Outbreaks of cryptosporidiosis rose an average of 13% every year from 2009 to 2017, according to a report published by the CDC last week.

The cryptosporidium parasite is spread through the fecal matter of infected humans or animals, and people tend to get sick after swallowing contaminated water or food or coming in contact with those infected, according to the CDC.

Cryptosporidiosis — or crypto for short — is the leading cause of disease outbreaks in the U.S. linked to water, specifically in swimming pools or water playgrounds.

Between 2009 and 2017 there were 444 outbreaks reported, resulting in 7,465 people getting sick, 287 hospitalizations and one death, the report says.

Of those outbreaks, 35% were linked to treated swimming water, and 15% were linked to contact with cattle, particularly calves that were still nursing.

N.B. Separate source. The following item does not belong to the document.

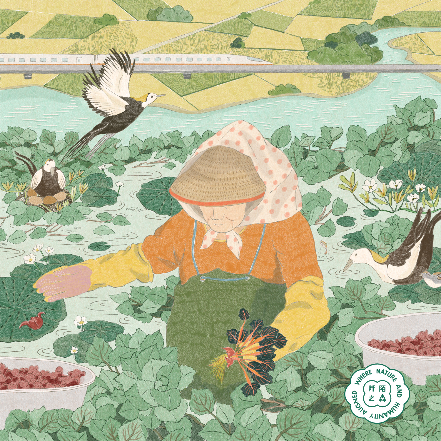 9 月〈浮葉之舞〉出自吳怡欣 Yihsin Wu 之手。畫面以農婦採收菱角的景象為前景,象徵勤勞與豐收的力量。水面上,水雉與菱角相依共生,隨風輕掠,姿態優雅如凌波仙子。俯瞰葫蘆埤,遠方蜿蜒的高鐵軌道映照出人與自然共行的節奏。水雉這種擁有修長尾羽的水鳥,常棲息於潔淨的菱角田間,在此築巢育雛,展現生態的蓬勃生命力。整幅作品以柔和筆觸與細膩光影,描繪出人與自然共生共榮的永續詩意。

Another 13% of the outbreaks were linked to contact with infected people in childcare settings, and 3% were linked to drinking raw, unpasteurized milk or apple cider.

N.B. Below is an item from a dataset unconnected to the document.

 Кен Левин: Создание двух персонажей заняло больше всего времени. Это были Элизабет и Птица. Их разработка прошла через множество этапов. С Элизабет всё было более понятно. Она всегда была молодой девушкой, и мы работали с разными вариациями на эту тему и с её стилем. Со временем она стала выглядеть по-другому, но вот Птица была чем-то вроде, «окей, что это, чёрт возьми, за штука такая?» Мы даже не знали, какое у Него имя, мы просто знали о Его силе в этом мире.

The outbreaks are most common in the summer. Symptoms include watery diarrhea, dehydration, lack of appetite, weight loss, stomach cramps or pain, fever, nausea and vomiting, according to the Mayo Clinic.

Young children who are just learning how to use the toilet and wash their hands are especially susceptible to getting ill from crypto, Michele Hlavsa, chief of CDC’s Healthy Swimming Program, said in a statement.